Frühjahrstagung der ARGE Meister Österreich in der Steiermark

Vielseitiges Exkursionsprogramm am 12. und 13. März

Die Arbeitsgemeinschaft der Meisterinnen und Meister Österreich (kurz ARGE Meister) traf sich am 12. und 13. März 2026 zu ihrer alljährliche Frühjahrstagung in Gleisdorf in der Steiermark. Das austragende Bundesland erstellte ein abwechslungsreiches Programm, das neben den Themenbereichen Obst und Wein auch die Rinderzucht und Tierhaltung im Fokus hatte. Darüber hinaus beschäftigte sich die ARGE Meister aber auch mit aktuellen agrarpolitischen Themenstellungen sowie einer möglichen inhaltlichen Schwerpunktsetzung in der angebrochenen Funktionsperiode der neuen Bundesobfrau Daniela Burgstaller. 

Das vielseitige Exkursionsprogramm startete bei Obst Leopold in Studenzen, einem 1913 gegründeten Familienunternehmen. Dieses vermarktet jährlich rund 15.000 Tonnen Äpfel, die im Herst erntefrisch von Bäuerinnen und Bauern aus der Region übernommen werden. Nach entsprechender Lagerung, Sortierung und Verpackung transportiert Obst Leopold die Äpfel zu Kundinnen und Kunden im In- und Ausland. Neben Äpfel umfasst die Produktpalette auch Birnen, Zwetschken, Erdbeeren, sonstige Beerenfrüchte und große Mengen an Chinakohl. Obst Leopold ist mit rund 80 ganzjährig im Betrieb beschäftigten Mitarbeiterinnen und Mitarbeiter ein wichtiger Arbeitgeber in der Region. 

Strategieworkshop mit neuer Bundesobfrau

Am Nachmittag setzten sich die Vertreterinnen und Vertreter der Meisterinnen und Meister aus den verschiedenen Bundesländern im Zuge eines Strategieworkshops intensiv mit den Herausforderungen und Zielsetzungen der ARGE Meister auseinander. Unter der neu gewählten Bundesobfrau Daniela Burgstaller sollen bewährte Wege fortgesetzt und neue Chancen ergriffen werden, um auch weiterhin als starke Stimme für die Anliegen der Meisterinnen und Meister aller land- und forstwirtschaftlichen Berufssparten wahrgenommen zu werden.  

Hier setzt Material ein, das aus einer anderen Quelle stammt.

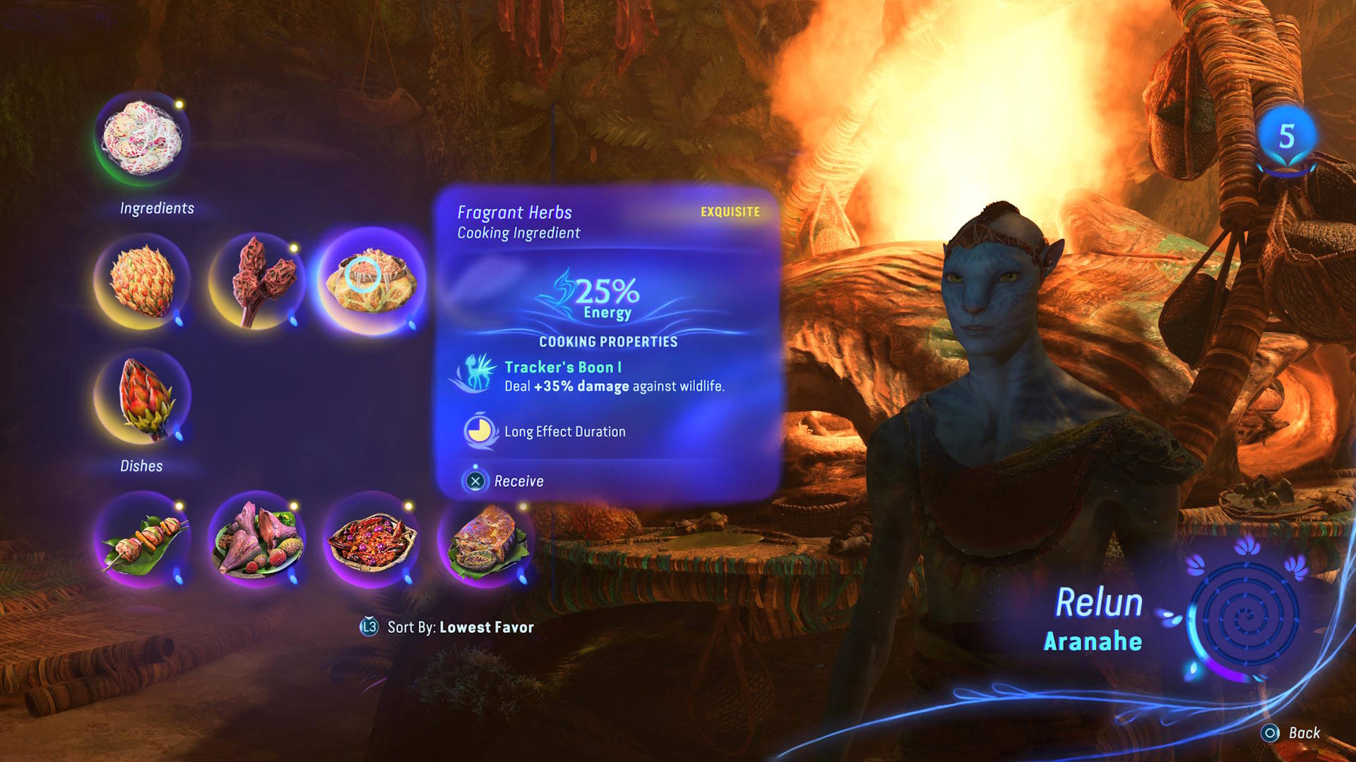 Far Cry -pelimekaniikkaan Avatar: Frontiers of Pandora kuitenkin kaikesta huolimatta silti vahvasti nojaa. Pelaaja craftaa muun muassa erityyppisiä ammuksia jousipyssyynsä ja ritsamaiseen heittimeensä luonnon antimia kantopussukkaan repien. Luonnon antimista voidaan valmistaa jos jonkinlaisia ruokayhdistelmiä, jotka eivät pelkästään palauta elinenergiaa, vaan myös boostaavat pelaajan statseja kymmeneksi tai pariksi kymmeneksi minuutiksi. Reilu syöminen kannattaakin usein ennen viholliskoitosta. Ruokien valmistamiseksi on ensin kerättävä raaka-aineet ja sitten etsitään kokkauspiste, joita maailmassa on runsaasti. Improvisoiduista kokeiluista syntyy hauskoja ja yllättäviä reseptejä, joita voi merkata eräoppaan muistiin suosikeiksi. Raaka-aineet pitää aina irrottaa kasveista manuaalisella työllä, olipa kyseessä hedelmäpuun tuote tai sammaloituneen puun rungossa kasvava valtava sieni. Oikeaoppinen irrotus takaa parhaan arvon, mutta myös vuorokaudenajalla on hauskasti merkitystä sadonkorjuuseen. Mikäli sadonkorjuun ajankohta ja oikeaoppinen irrotus molemmat toteutuvat, on raaka-aine parhaassa mahdollisessa kunnossa.

Im Anschluss wurde der Weinbaubetrieb Wein.Atelier Seyfried in Gleisdorf besichtigt. Die Weinbaumeisterin Maria Seyfried setzt erfolgreich auf Weine, die die Charakteristik und Qualität der Region widerspiegeln. Ergänzt wird der Weinbaubetrieb mit einem Buschenschank, in dem sich Wein und Kunst in einem gemütlichen Ambiente verbinden und diesen von der Masse abhebt. Der ursprüngliche landwirtschaftliche Gemischtbetrieb von rund 7 ha wurde über die letzten Jahrzehnte zu einem reinen Weinbaubetrieb umgewandelt mit Weinen, die immer wieder sowohl national als auch international ausgezeichnet werden. Die Weinlese erfolgt ausschließlich mit der Hand. 

Nach erfolgter Stärkung bekamen die Teilnehmerinnen und Teilnehmer der Tagung auch die Gelegenheit im Zuge eines angeregten Kamingesprächs mit Kammerdirektor Werner Brugner aktuelle Herausforderungen der Land- und Forstwirtschaft zu diskutieren. 

Am zweiten Tag war das erste Exkursionsziel Genostar Rinderbesamung GmbH, das größte Besamungsunternehmen in Österreich - bestehend aus den zwei Standorten Kagelsberg in Niederösterreich und Gleisdorf in der Steiermark. Das Unternehmen wurde 2009 von den niederösterreichischen und steirischen Rinderzuchtverbänden und Landwirtschaftskammern gegründet. Geschäftsführer Peter Stückler und Tierärztin Bettina Fasching gaben interessante Einblicke in die Unternehmensphilosophie und die tägliche Arbeit mit den Stieren. Genostar beansprucht für sich als Zuchtphilosophie höchste Qualität und maximalen Zuchtfortschritt. Basis dafür ist die Selektion von Jungstieren mit höchsten genomischen Zuchtwerten, um den besten Zuchtfortschritt zu garantieren. Als Höhepunkt wurde ein Teil der derzeit besten Sprungstiere in Gleisdorf vorgestellt. 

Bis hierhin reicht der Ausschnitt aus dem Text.